→ **PROBLEM STATEMENT**
Output the data below exactly as it is, dropping the pictures from your copy.

→ **SOURCE DATA**
============
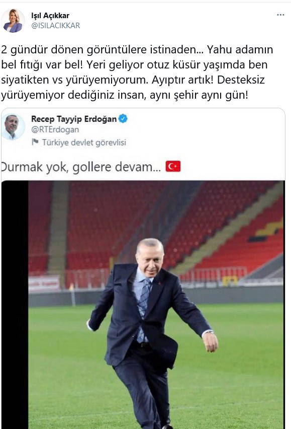 Söz konusu görüntüye "Erdoğan desteksiz yürüyemiyor" yorumunu yapan bir sosyal medya kullanıcısına yanıt TRT spikeri Işıl Açıklar'dan geldi.
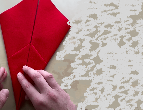 Теперь, начиная с самого верха, формируем уголок и загибаем его внутрь. Таким образом прорабатываем весь край, хорошо проглаживая все сгибы. Вот такая трапециевидная заготовка, напоминающая пилотку, у вас должна получиться.
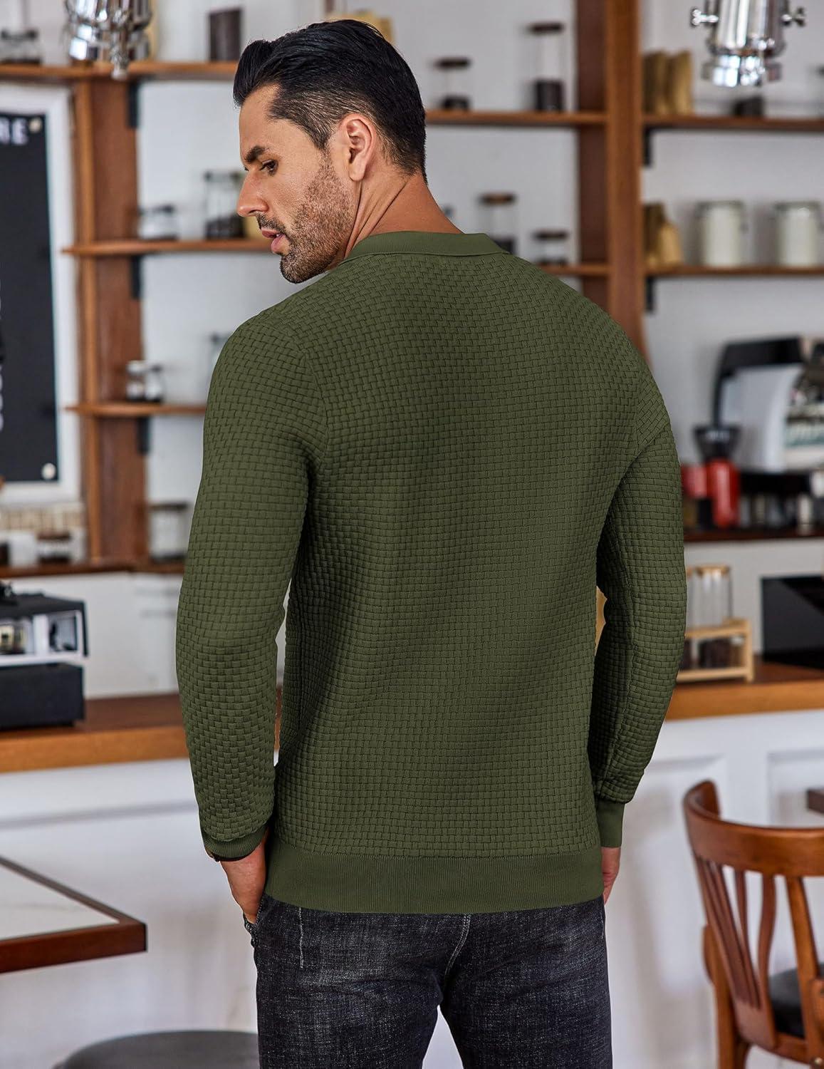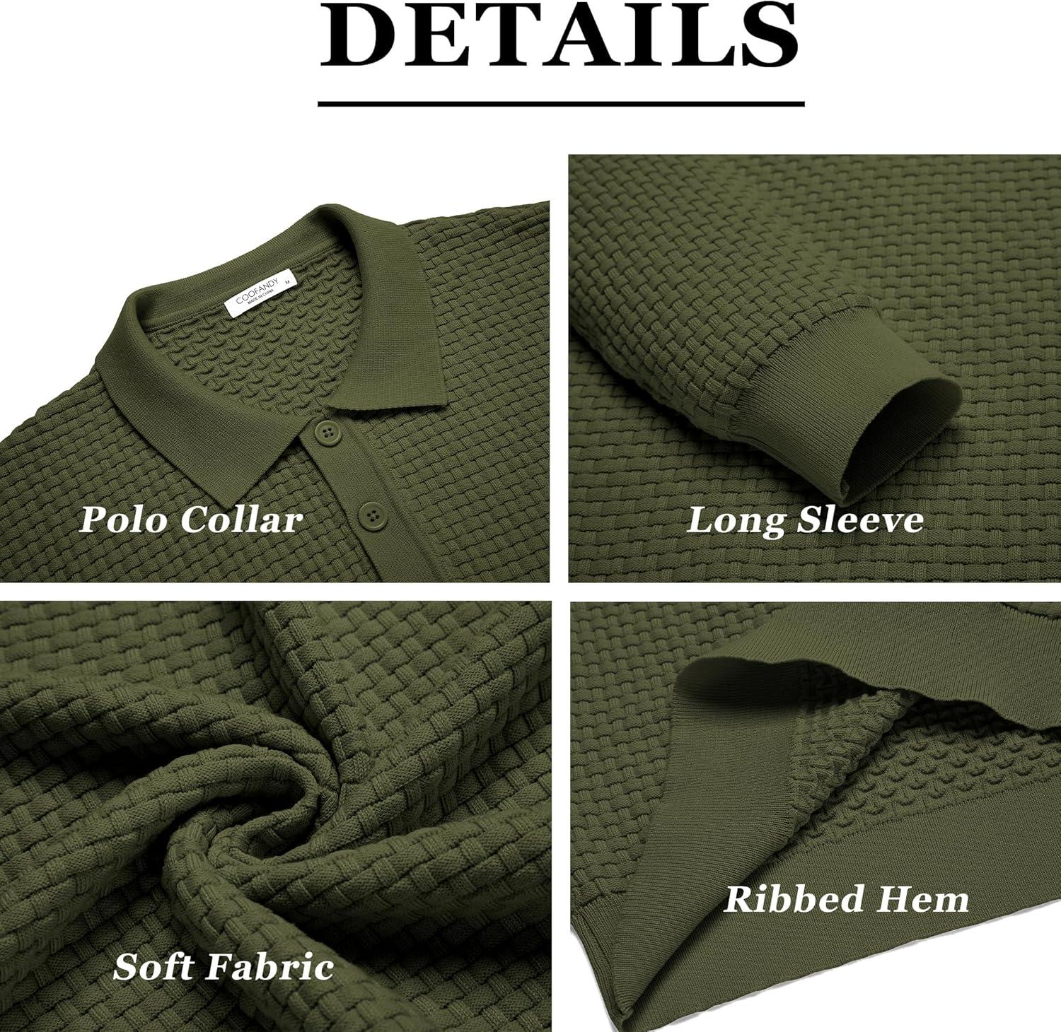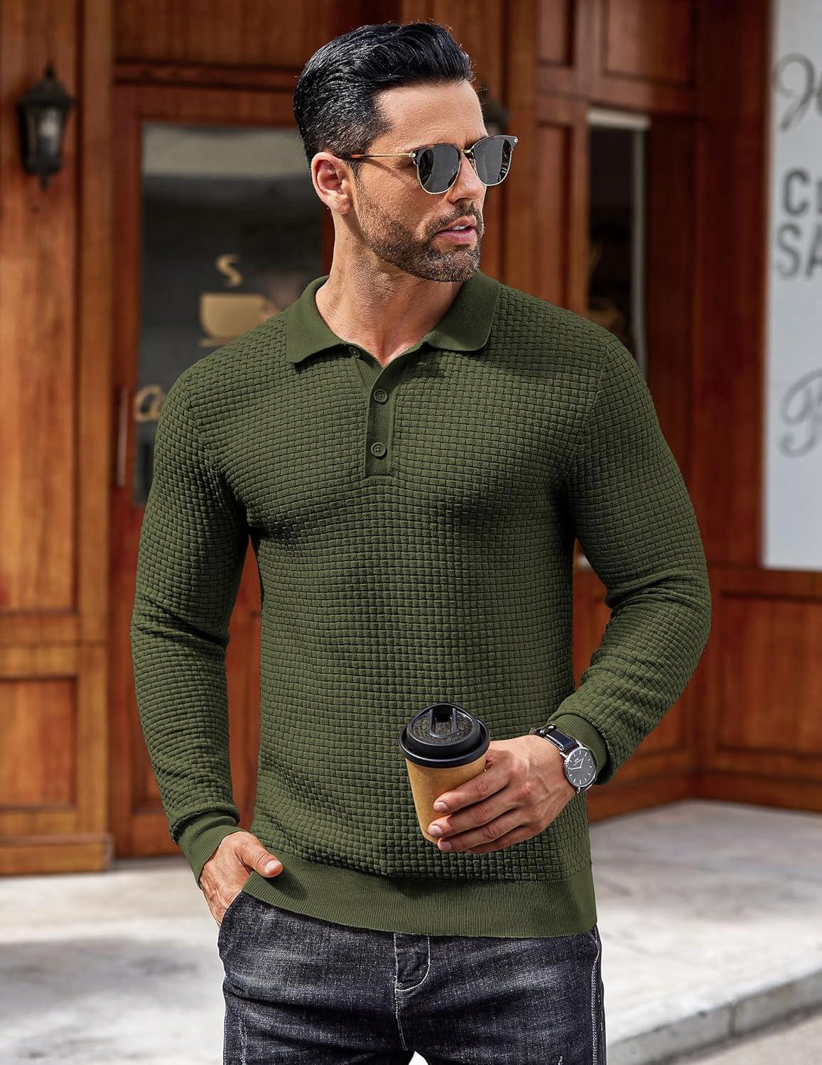 COOFANDY Men’s Knit Polo Shirts Long Sleeve Sweater Polo Lightweight Fashion Casual Collared T Shirts Army Green
============
→ **SOLUTION TO THIS EXERCISE**
 Söz konusu görüntüye "Erdoğan desteksiz yürüyemiyor" yorumunu yapan bir sosyal medya kullanıcısına yanıt TRT spikeri Işıl Açıklar'dan geldi.
 Теперь, начиная с самого верха, формируем уголок и загибаем его внутрь. Таким образом прорабатываем весь край, хорошо проглаживая все сгибы. Вот такая трапециевидная заготовка, напоминающая пилотку, у вас должна получиться.
 COOFANDY Men’s Knit Polo Shirts Long Sleeve Sweater Polo Lightweight Fashion Casual Collared T Shirts Army Green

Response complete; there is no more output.